Exercise description
The answer consists only of the lines from the beginning of the listing below to the line holding "全3色 大きいサイズ 体型カバー", inclusive, with every picture removed.

Stored data

+===+

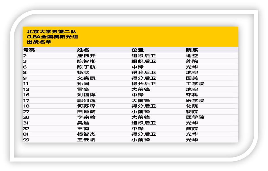北京大学男篮二队是一支历史悠久的球队,这支由非特长生的普通北大同学组成的队伍在体育教研部的关怀指导和男篮一队的鼎力支持下,认真训练、拼搏进取。本届比赛中,他们能拿下全国赛亚军,是每一位队员在赛场上奋力拼搏的结果。
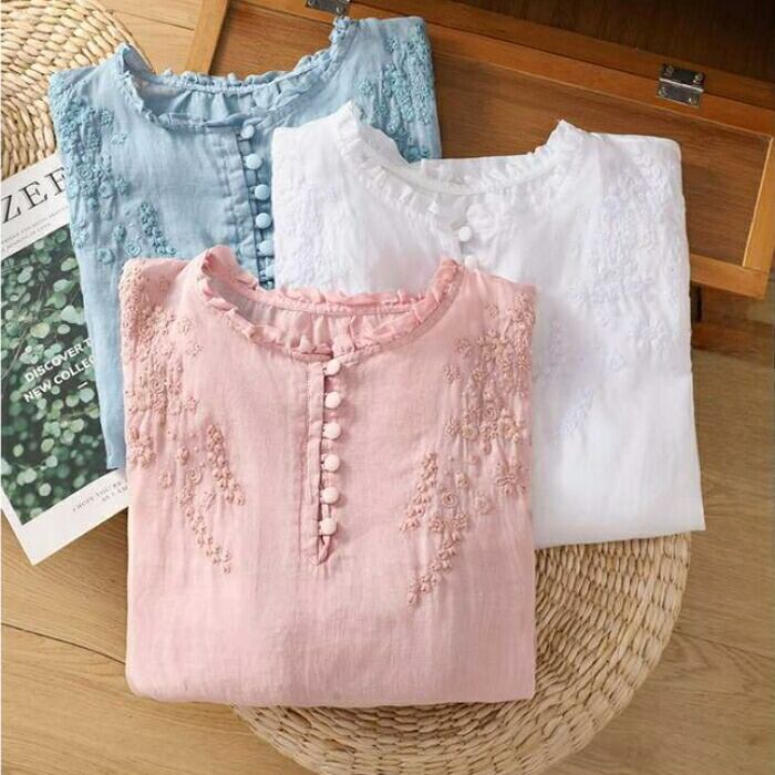 全3色 大きいサイズ 体型カバー トップス ブラウス シャツ 綿麻 コットン リネン 刺繍 花 フラワー プルオーバー エレガント レディース 大人 可愛い きれいめ カジュアル フェミニン 七分袖 おしゃれ 透け感 薄手 ピンク ブルー 青 ホワイト 白 春 秋 夏 20代 30代 40代 50代
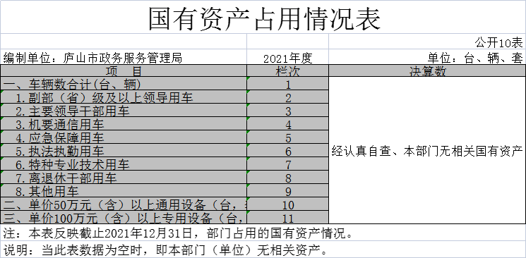 截止2021年12月31日,本部门(单位)国有资产占用情况见公开10表《国有资产占用情况表》。截止2020年12月31日,本部门共有车辆 0辆,其中,副部(省)级及以上领导用车 0辆、主要领导干部用车0辆、机要通信用车0辆、应急保障用车 0辆、执法执勤用车 0辆、特种专业技术用车0辆、其他用车 0辆。

+===+

Solved problem
北京大学男篮二队是一支历史悠久的球队,这支由非特长生的普通北大同学组成的队伍在体育教研部的关怀指导和男篮一队的鼎力支持下,认真训练、拼搏进取。本届比赛中,他们能拿下全国赛亚军,是每一位队员在赛场上奋力拼搏的结果。
 全3色 大きいサイズ 体型カバー トップス ブラウス シャツ 綿麻 コットン リネン 刺繍 花 フラワー プルオーバー エレガント レディース 大人 可愛い きれいめ カジュアル フェミニン 七分袖 おしゃれ 透け感 薄手 ピンク ブルー 青 ホワイト 白 春 秋 夏 20代 30代 40代 50代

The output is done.